Nature volume 436pages 1025–1029 (2005)Cite this article

Abstract

Dystrophin deficiency causes Duchenne muscular dystrophy (DMD) in humans, an inherited and progressive disease of striated muscle deterioration that frequently involves pronounced cardiomyopathy1. Heart failure is the second leading cause of fatalities in DMD1,2. Progress towards defining the molecular basis of disease in DMD has mostly come from studies on skeletal muscle, with comparatively little attention directed to cardiac muscle. The pathophysiological mechanisms involved in cardiac myocytes may differ significantly from skeletal myofibres; this is underscored by the presence of significant cardiac disease in patients with truncated or reduced levels of dystrophin but without skeletal muscle disease3. Here we show that intact, isolated dystrophin-deficient cardiac myocytes have reduced compliance and increased susceptibility to stretch-mediated calcium overload, leading to cell contracture and death, and that application of the membrane sealant poloxamer 188 corrects these defects in vitro.
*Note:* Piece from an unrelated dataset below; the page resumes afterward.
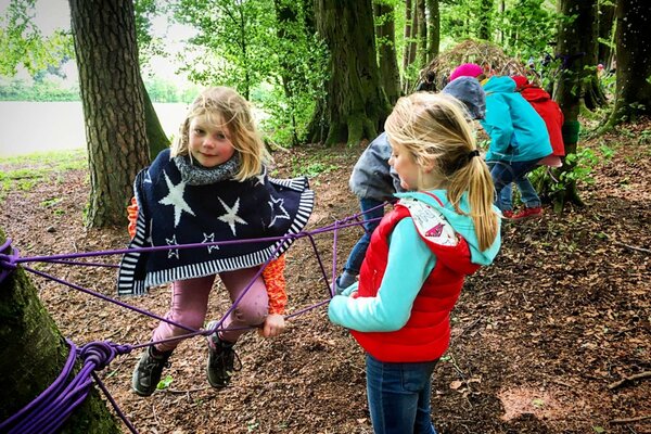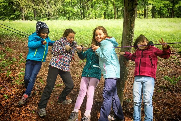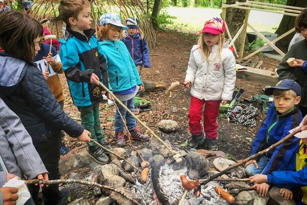 Über Mittag wärmten zwei Feuer vor der kühlen Bise und wer immer noch fror, kam bald beim Klettern, Versteckspielen oder Hütten bauen ins Schwitzen.
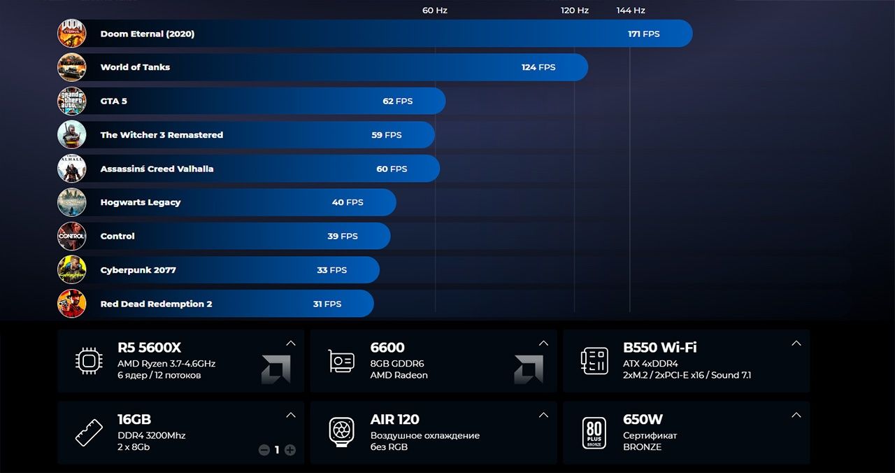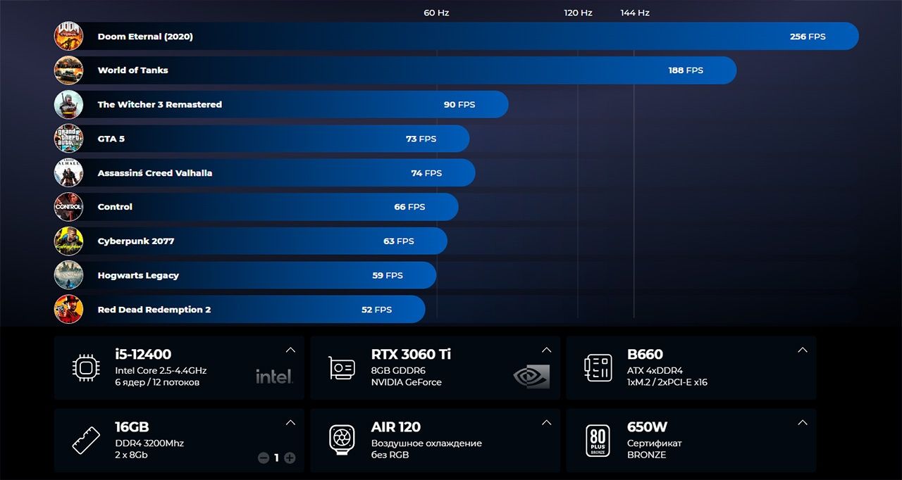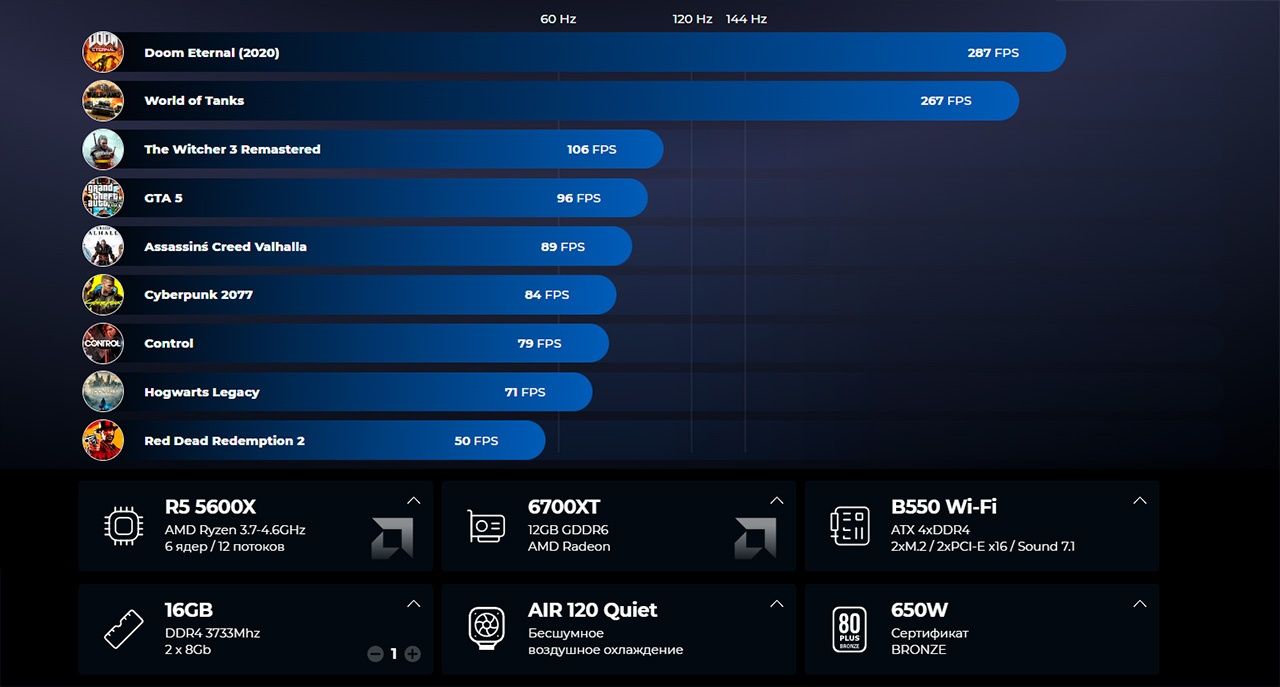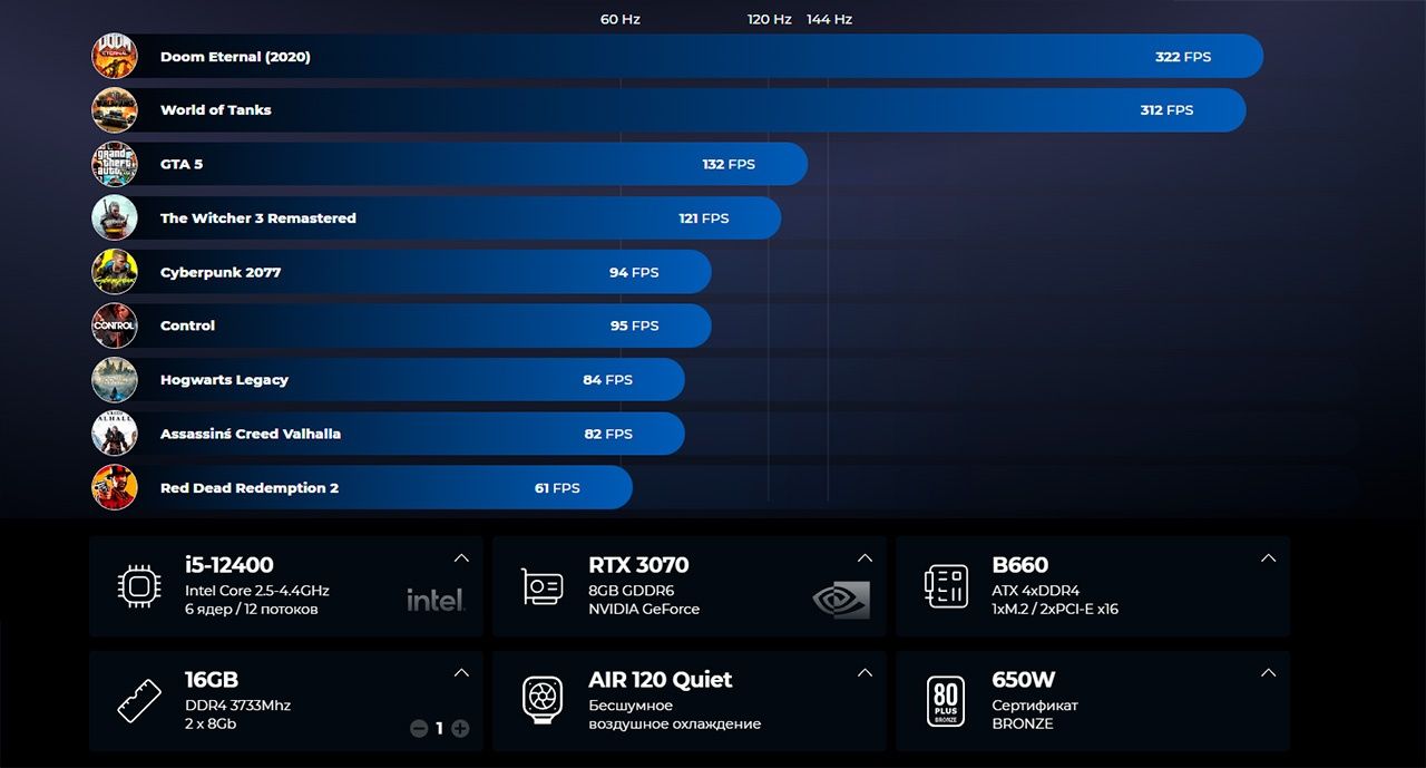 Наконец, конфигурация, которая без сомнений выдаст заметно больше 60 fps на самых высоких настройках во всех актуальных играх. С ней можно смело брать WQHD-монитор с частотой обновления 120 Гц и выше, да и задел на будущее останется. Здесь наиболее интересные предложения по части процессоров у Intel, видеокарту можно выбирать среди NVIDIA и AMD.

In vivo administration of poloxamer 188 to dystrophic mice instantly improved ventricular geometry and blocked the development of acute cardiac failure during a dobutamine-mediated stress protocol. Once issues relating to optimal dosing and long-term effects of poloxamer 188 in humans have been resolved, chemical-based membrane sealants could represent a new therapeutic approach for preventing or reversing the progression of cardiomyopathy and heart failure in muscular dystrophy.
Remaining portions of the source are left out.